*RECORDS PROVIDED:*
————

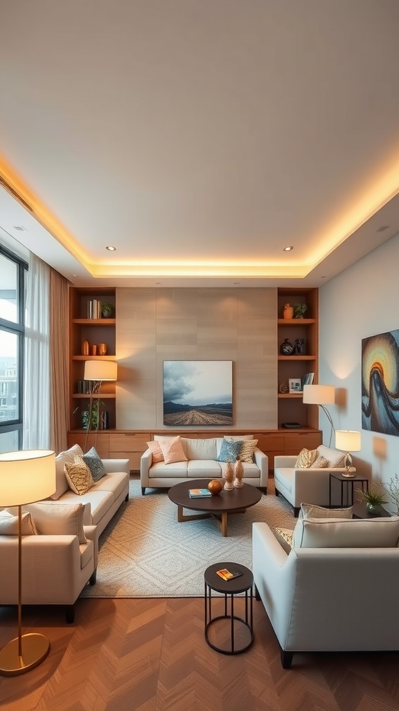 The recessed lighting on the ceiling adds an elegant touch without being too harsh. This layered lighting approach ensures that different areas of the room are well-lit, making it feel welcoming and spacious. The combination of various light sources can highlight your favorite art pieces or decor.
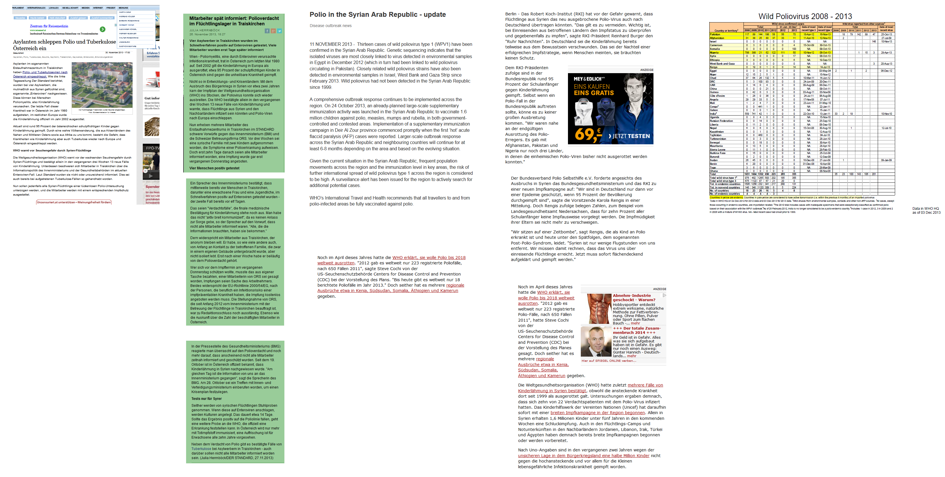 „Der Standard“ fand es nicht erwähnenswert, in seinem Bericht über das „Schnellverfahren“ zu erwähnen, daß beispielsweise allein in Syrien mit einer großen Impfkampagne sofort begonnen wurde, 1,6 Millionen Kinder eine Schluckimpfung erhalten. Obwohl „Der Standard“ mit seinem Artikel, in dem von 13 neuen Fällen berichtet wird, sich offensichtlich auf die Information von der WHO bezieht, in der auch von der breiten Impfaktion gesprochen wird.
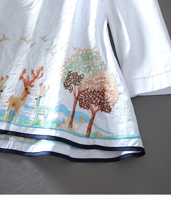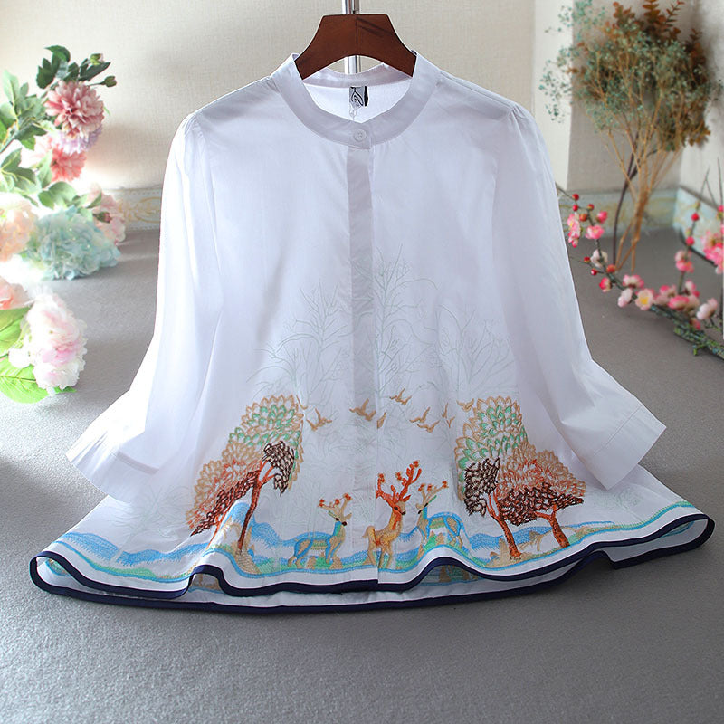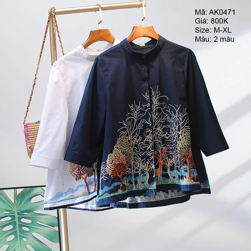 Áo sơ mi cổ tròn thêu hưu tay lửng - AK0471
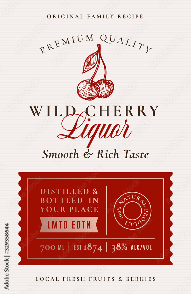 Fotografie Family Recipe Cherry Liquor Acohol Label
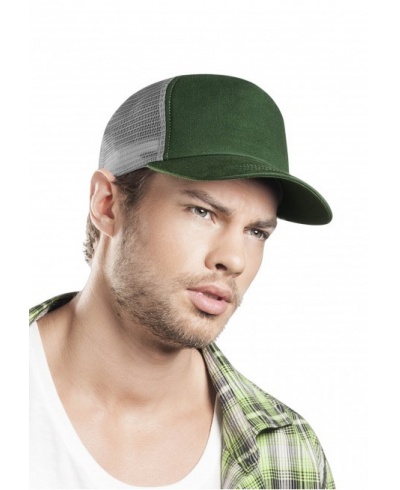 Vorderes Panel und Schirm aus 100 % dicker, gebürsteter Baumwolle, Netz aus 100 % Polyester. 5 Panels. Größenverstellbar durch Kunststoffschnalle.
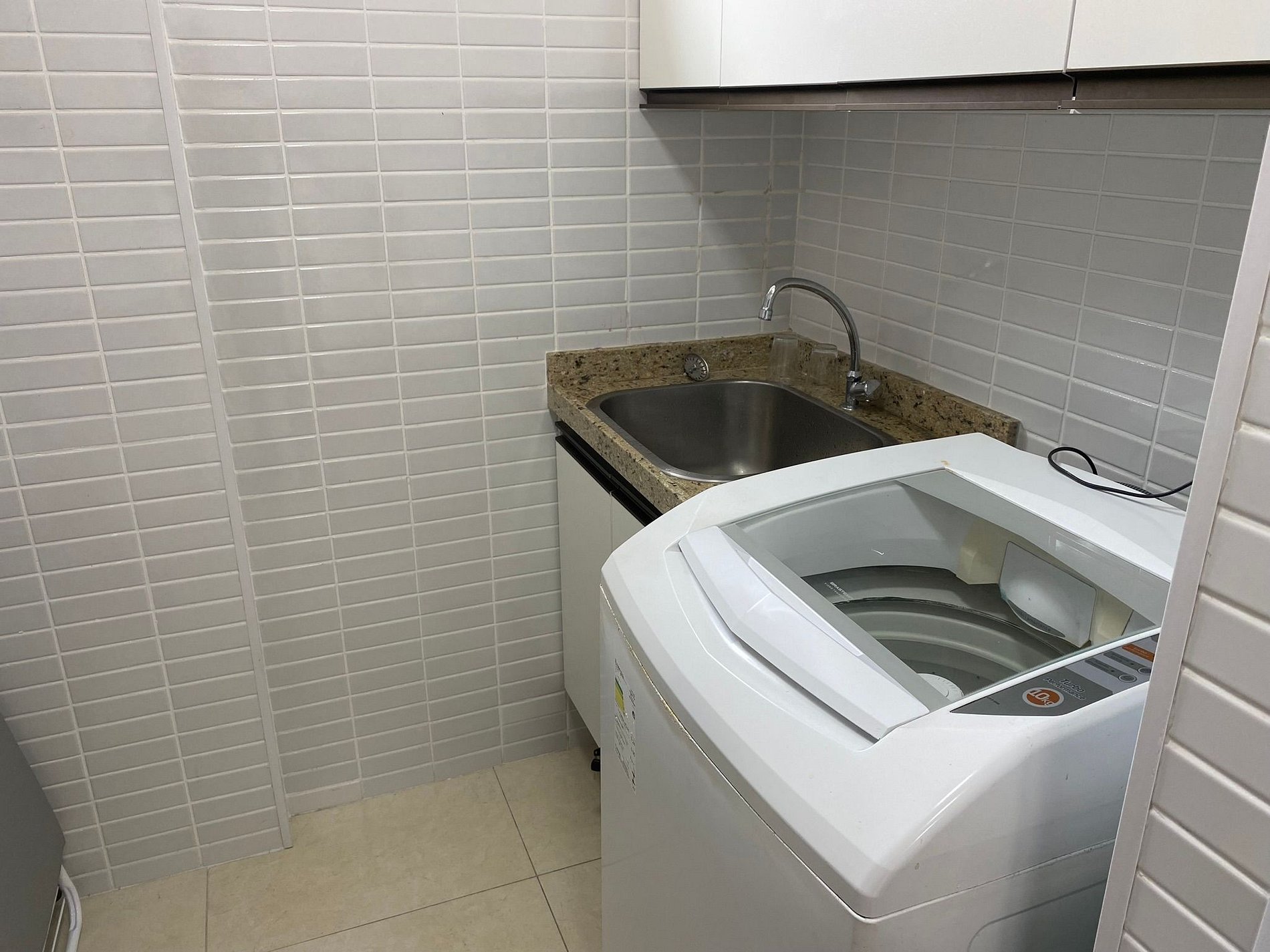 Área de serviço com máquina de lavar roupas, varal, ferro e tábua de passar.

————

*WORK ORDER:*
Skip the pictures. Write out exactly the lines from the one with "Vorderes Panel und" through the last line of the listing, both ends included, and nothing more.

*TASK ANSWER:*
 Vorderes Panel und Schirm aus 100 % dicker, gebürsteter Baumwolle, Netz aus 100 % Polyester. 5 Panels. Größenverstellbar durch Kunststoffschnalle.
 Área de serviço com máquina de lavar roupas, varal, ferro e tábua de passar.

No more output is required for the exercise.